(Records excerpted from a collection)
══════════════════════════════
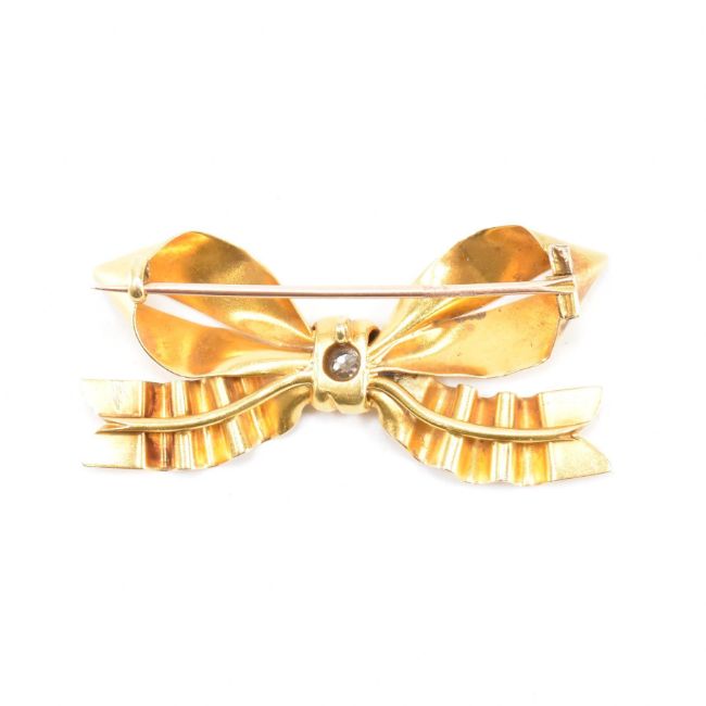 A 19th Century Victorian gold and diamond bow brooch. The brooch being set with an old cut diamond to the centre of the bow with a hinge pin to verso. Measures 5cm wide. Unmarked, surface tests indicate high carat gold.
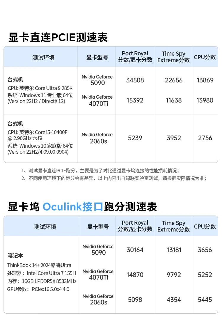 UGREEN compartió datos de pruebas comparativas para demostrar cómo se compara la base con la configuración tradicional de un ordenador de sobremesa. Una tarjeta gráfica RTX 5090 obtuvo 34.508 puntos en una prueba Port Royal en un ordenador de sobremesa, mientras que la misma tarjeta conectada a un portátil a través del puerto Oculink de la LinkStation obtuvo 30.164 puntos. Este resultado indica que, aunque una conexión directa a la placa base sigue siendo más rápida, la conexión Oculink es capaz de mantener un alto nivel de rendimiento para configuraciones externas.
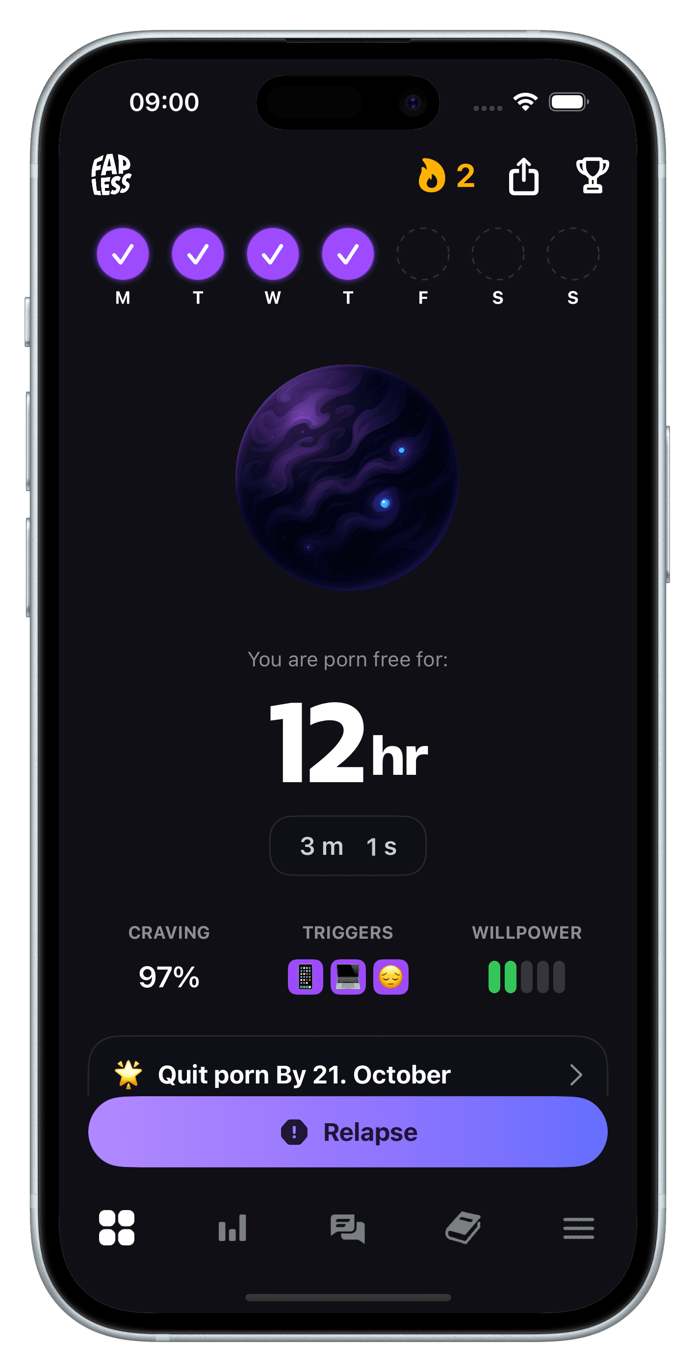 FAPLESS helps you defeat your porn addiction on a gamified way. Daily Tracking, AI Coach and a personalized training. Start now.
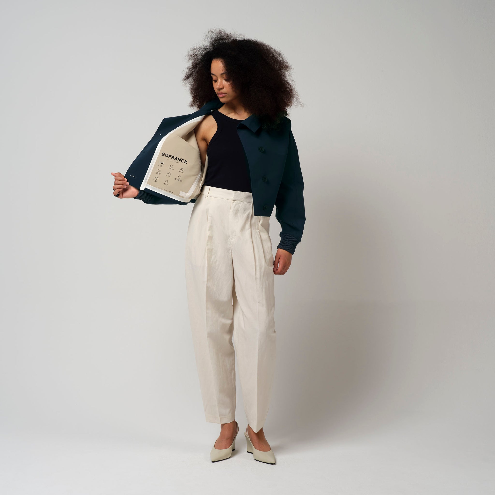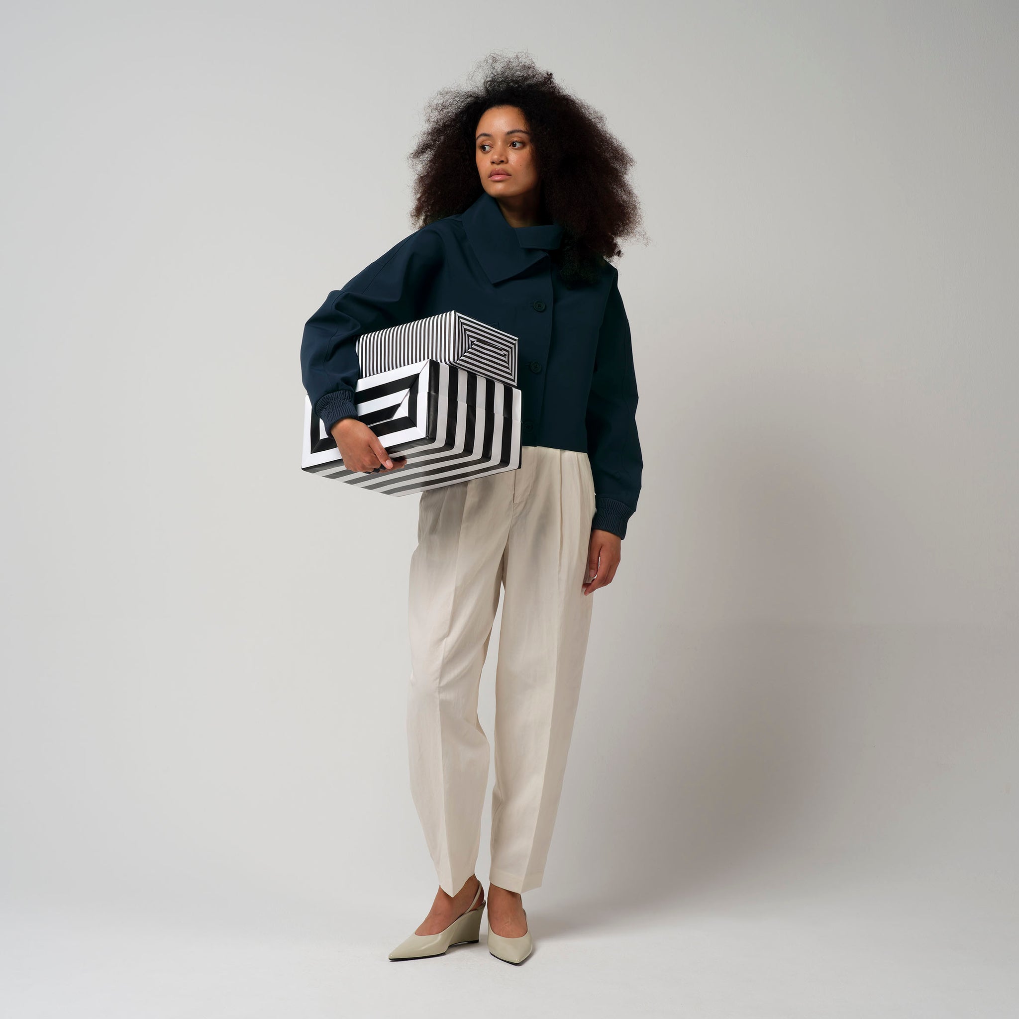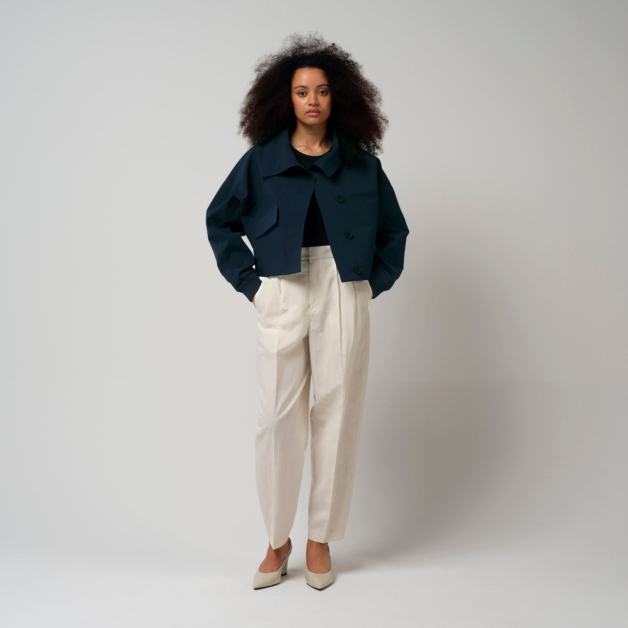 Die BRONTE wasserdichte kurze Jacke vereint modernes Design mit zuverlässiger Funktionalität und ist die perfekte Wahl für stilbewusste Tage bei wechselhaftem Wetter. Der markante asymmetrische Kragen und die breiten Ärmel verleihen der Jacke eine interessante, fast skulpturale Silhouette, während die zeitlose Farbgebung sie zu einem vielseitig kombinierbaren Klassiker macht. BRONTE beweist, dass sich modischer Anspruch und wetterfeste Performance ideal ergänzen.
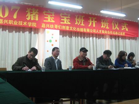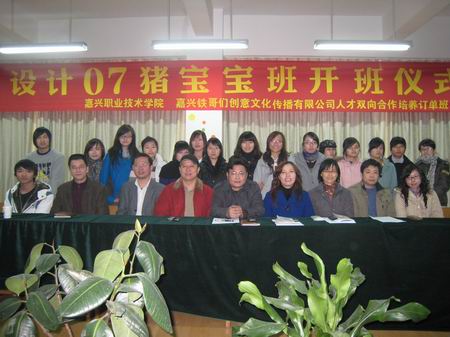 2009年12月1日下午3:30,我院紡織與藝術設計分院、嘉興鐵哥們創意文化傳播有限公司共同實施人才雙向合作培養暨創意設計07豬寶寶班開班儀式在學院7號樓202室隆重舉行。嘉興鐵哥們創意文化傳播有限公司總經理朱克峰,學院科技與產學合作處處長黃雪峰及沈銘鐘老師,紡織與藝術設計分院黨總支書記藍烈煌、副院長陸金英和李春暖以及設計教研室的部分教師出席開班儀式。開班儀式由分院副院長陸金英主持。
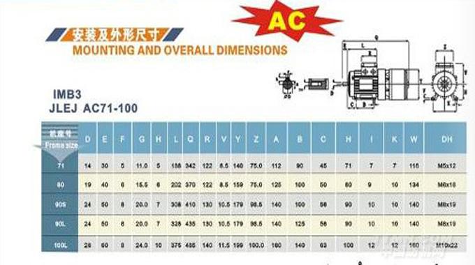 AC制動電動機安裝方式為:B5標準法蘭; B14小法蘭; B3臥式電機寬電壓:(220|380V;240|415V;260|440V;280|480V)寬頻率:50|60HZ其特點是:低噪音、小振動其絕緣等級為F級絕緣,可耐155℃高溫 ;其防護等級為IP55
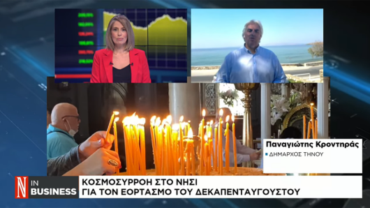 Ο Δήμαρχος Τήνου, Παναγιώτης Κροντηράς, μιλώντας στο κανάλι της «Ν», αναφέρθηκε στον εορτασμό του Δεκαπενταύγουστου, την αυξημένη επισκεψιμότητα, τις πιέσεις
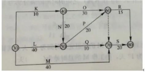解析:原關(guān)鍵線路為L→P→S:40+20+20=80天;延誤后關(guān)鍵線路為K-→N→p→S:35+20+20+20=95天,影響工期為增加15天。
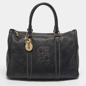 Carolina Herrera Black Embossed Leather Pushlock Flap Top Handle Bag
══════════════════════════════
**Goal of the exercise:** The reply should hold an exact repeat of the entries from their opening line through the line with "FAPLESS helps you", and no pictures at all.

**Answer:**
 A 19th Century Victorian gold and diamond bow brooch. The brooch being set with an old cut diamond to the centre of the bow with a hinge pin to verso. Measures 5cm wide. Unmarked, surface tests indicate high carat gold.
 UGREEN compartió datos de pruebas comparativas para demostrar cómo se compara la base con la configuración tradicional de un ordenador de sobremesa. Una tarjeta gráfica RTX 5090 obtuvo 34.508 puntos en una prueba Port Royal en un ordenador de sobremesa, mientras que la misma tarjeta conectada a un portátil a través del puerto Oculink de la LinkStation obtuvo 30.164 puntos. Este resultado indica que, aunque una conexión directa a la placa base sigue siendo más rápida, la conexión Oculink es capaz de mantener un alto nivel de rendimiento para configuraciones externas.
 FAPLESS helps you defeat your porn addiction on a gamified way. Daily Tracking, AI Coach and a personalized training. Start now.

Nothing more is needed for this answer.